▶ _ACTIVITY_: The answer must consist solely of the lines below starting at the one containing "플롯 스타일 관리자          출력" and ending at the one containing "This outfit nails", repeated exactly, with both ends included and all pictures omitted.

▶ _RECORD EXTRACTS_:
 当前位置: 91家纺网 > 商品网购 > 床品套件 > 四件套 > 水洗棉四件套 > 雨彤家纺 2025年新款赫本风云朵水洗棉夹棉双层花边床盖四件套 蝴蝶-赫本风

--

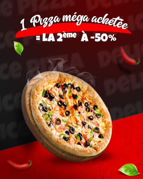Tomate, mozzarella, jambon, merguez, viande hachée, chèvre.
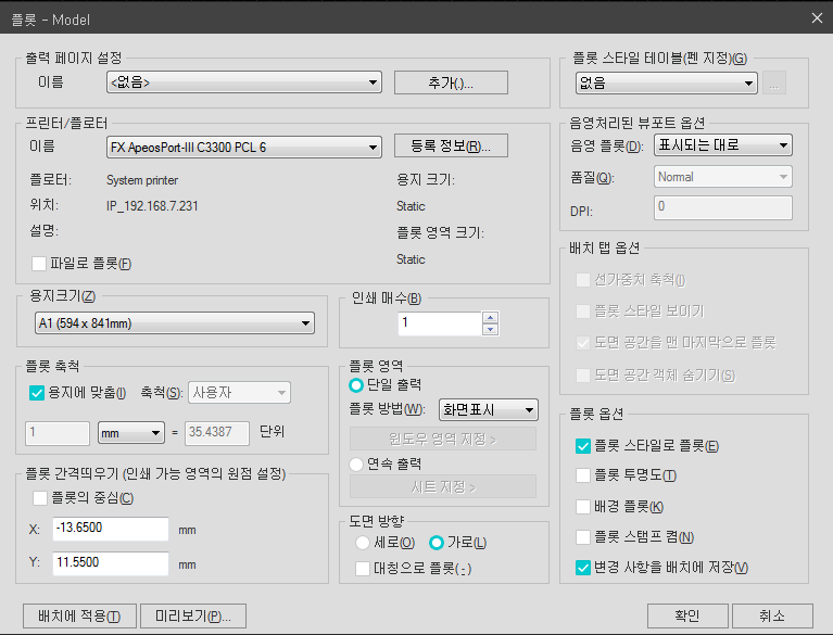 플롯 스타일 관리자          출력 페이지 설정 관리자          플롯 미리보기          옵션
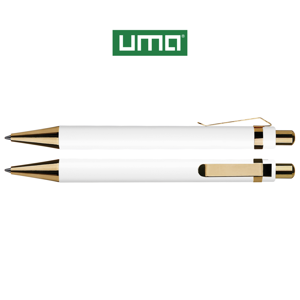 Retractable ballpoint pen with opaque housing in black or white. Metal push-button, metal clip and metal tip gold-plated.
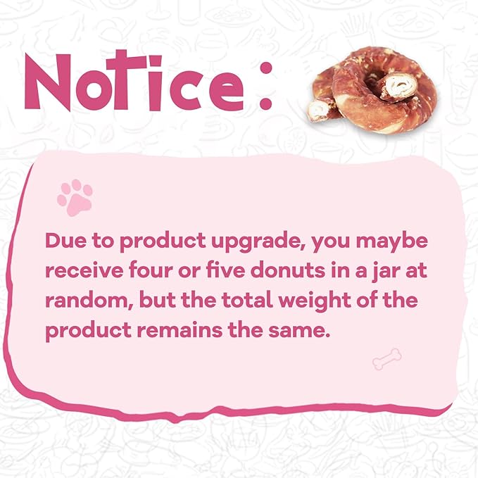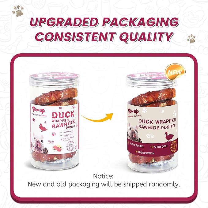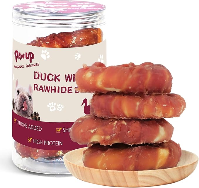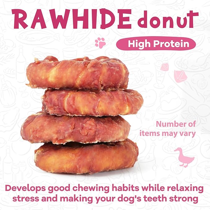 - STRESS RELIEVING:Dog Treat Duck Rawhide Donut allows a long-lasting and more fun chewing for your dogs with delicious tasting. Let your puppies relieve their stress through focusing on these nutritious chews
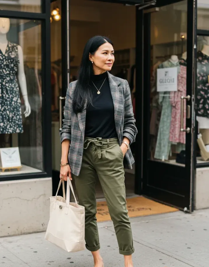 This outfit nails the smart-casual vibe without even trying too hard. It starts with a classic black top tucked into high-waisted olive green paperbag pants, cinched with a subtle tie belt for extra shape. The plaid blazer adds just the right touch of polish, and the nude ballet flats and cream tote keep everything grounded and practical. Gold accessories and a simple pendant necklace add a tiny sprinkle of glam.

==

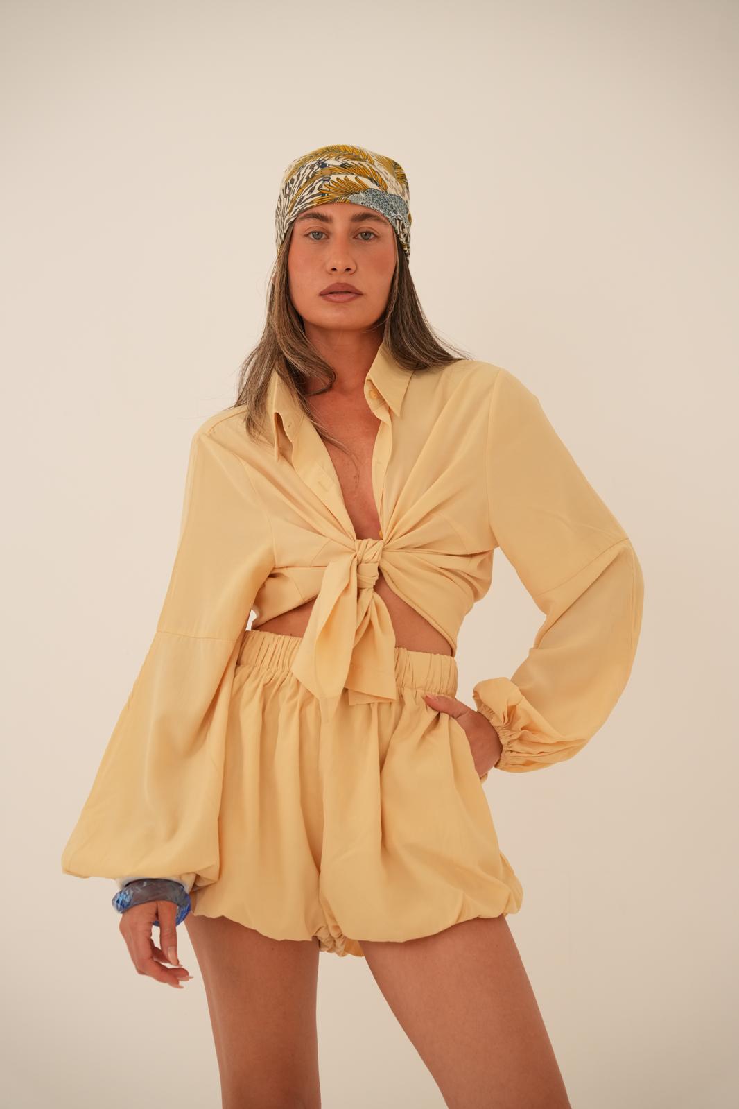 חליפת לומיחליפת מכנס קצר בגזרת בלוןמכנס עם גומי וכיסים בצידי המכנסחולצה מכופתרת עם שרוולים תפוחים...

▶ _RESPONSE BELOW_:
 플롯 스타일 관리자          출력 페이지 설정 관리자          플롯 미리보기          옵션
 Retractable ballpoint pen with opaque housing in black or white. Metal push-button, metal clip and metal tip gold-plated.
 - STRESS RELIEVING:Dog Treat Duck Rawhide Donut allows a long-lasting and more fun chewing for your dogs with delicious tasting. Let your puppies relieve their stress through focusing on these nutritious chews
 This outfit nails the smart-casual vibe without even trying too hard. It starts with a classic black top tucked into high-waisted olive green paperbag pants, cinched with a subtle tie belt for extra shape. The plaid blazer adds just the right touch of polish, and the nude ballet flats and cream tote keep everything grounded and practical. Gold accessories and a simple pendant necklace add a tiny sprinkle of glam.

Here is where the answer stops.